Alzai lentamente lo sguardo verso di lui, e il ragazzo di bloccò di colpo. Quando avevo paura, soffrivo o cercavo di mentire la mia faccia diventava una maschera di fredda impassibilità. Non lo facevo di proposito, era come un meccanismo di difesa creato dal mio corpo dopo ciò che era accaduto. In quel momento la mia espressione doveva essere davvero gelida per far zittire a quel modo il mio migliore amico, che più di una volta mi aveva visto nascondermi nella mia armatura in situazioni estreme.

«Devo trovarle, Kenny. Se succedesse loro qualcosa sarebbe colpa mia. Mia, perchè non sono stato abbastanza attento e vigile, mi sono lasciato ingannare come un bambino.
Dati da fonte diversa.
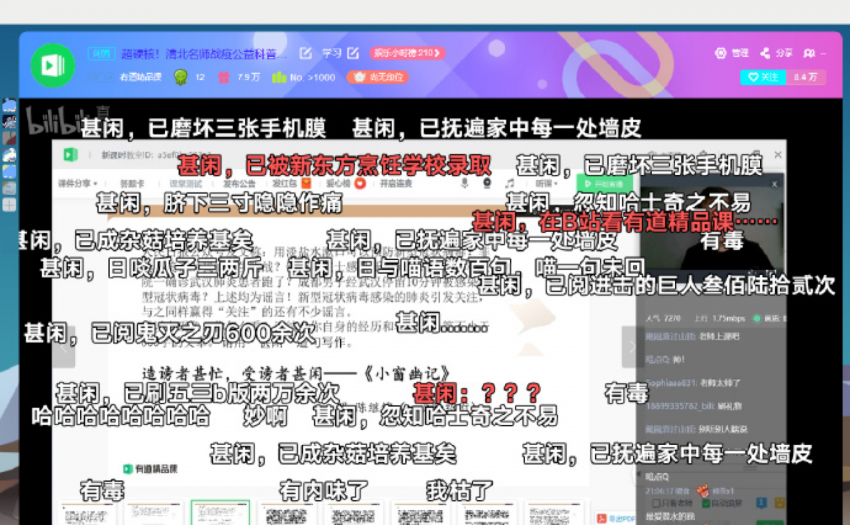而屏幕另一端的同學們更是刷出了滿屏的知識點,被稱為B站史上“最硬核”的彈幕。當化學老師講到美拉德反應時,五湖四海的氨基酸火速集合。當數學老師教大家回歸方程預測自己孩子的身高,年近18的學生變身老父(母)親,計算孩子身高。當語文老師教大家用“甚閑”造句,滿屏都是甚閑在家同學們的日常……
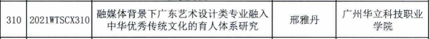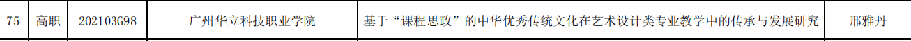 3月 學(xué)校公布《2020-2021學(xué)年校級質(zhì)量工程項(xiàng)目立項(xiàng)結(jié)果的通知》(華立職院教〔2021〕41號),經(jīng)教師個(gè)人申報(bào)、二級學(xué)院推薦、專家評審并公示等程序,我院三項(xiàng)目獲得立項(xiàng)。三位主持人分別是李于昆,宋依謎,張召能(指導(dǎo)教師胡彩霞);3月廣東省職業(yè)技術(shù)教育學(xué)會第四屆理事會科研規(guī)劃項(xiàng)目課題立項(xiàng)1項(xiàng),主持人:邢雅丹;8月2021年度廣東省普通高校重點(diǎn)科研平臺特色創(chuàng)新類項(xiàng)目立項(xiàng)1項(xiàng),主持人:邢雅丹
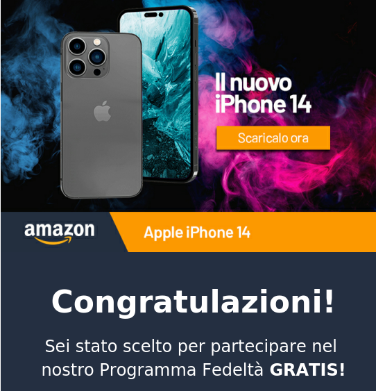 Guardate l’immagine qui in alto. L’abbiamo appena ricevuta in Redazione e promette di prenotarsi ad un fantomatico programma fedeltà per “scaricare” iPhone 14. La grafica è accattivante, e la presenza del logo Amazon rassicurante. Ma fossimo in voi, non cliccheremmo e cestineremmo la mail.

Dovevo immaginare che qualcuno avrebbe cercato di rapire May. In fondo è lei che è stata costretta a venire. Avrei dovuto impormi e starle attaccato tutta la serata, e invece...»

«Ewan» disse lui. Aveva un tono serio, come quando mi rimproverava per essermi cacciato nei guai per l'ennesima volta. «Lo so che non siamo bravi quanto te, ma anche io e Amber siamo responsabili della faccenda. Anche noi, come te, siamo stati ingannati e ci siamo lasciati imbrogliare senza nemmeno pensare alle conseguenze. Devi smetterla di ritenerti l'unico colpevole, chiaro? Non c'è bisogno che ogni volta tu faccia la vittima....»

«Io non sto facendo la vittima!» urlai, alzandomi di colpo dalla mia sedia. Presi Kenneth per il colletto e lo tirai verso il basso, obbligandolo a guardarmi in faccia. «Io sono il capo della famiglia fino al ritorno di mio zio, io ho organizzato questa missione e io mi prenderò le mie responsabilità. Ma non accetterò una punizione finchè non avrò fatto tutto il possibile per trovare mia sorella e quell'incosciente che ci ha trascinati fin qui. Se ciò non vi sta bene potete pure levare i tacchi e sparire dalla mia vista.»

Ci fu un attimo di silenzio, in cui continuammo a guardarci negli occhi, blu contro verde. Amber sembrava sul punto di piangere, la vedevo con la coda dell'occhio, mentre l'aria era talmente elettrica da farmi formicolare fastidiosamente la cute.

Passò un'eternità, il tempo sembrava essersi fermato. Infine Kenneth, con le mani tremanti, staccò le mie dalla sua camicia. «Sai già che non lo farò, Ewan. Non l'ho fatto allora e non lo farò adesso.» Sospirò. «Sei il mio migliore amico, e per quanto tu possa essere un idiota che crede di non avere bisogno di nessuno, io ti aiuterò, qualsiasi cosa accada. Se tu affonderai, affonderò con te. Ma sai quanto mi faccia arrabbiare vederti mentre ti chiudi in te stesso, lasciandoci fuori come se non importassimo nulla per te. Hai degli amici, Ewan, cerca di capirlo.»

Feci qualche passo indietro, colpito da quelle parole, e mi appoggiai al tavolo dietro di me in cerca di sostegno.

Aveva ragione, come sempre. Non una sola delle sue parole era una menzogna, tutte erano reali e dolorose come le frecce del suo arco.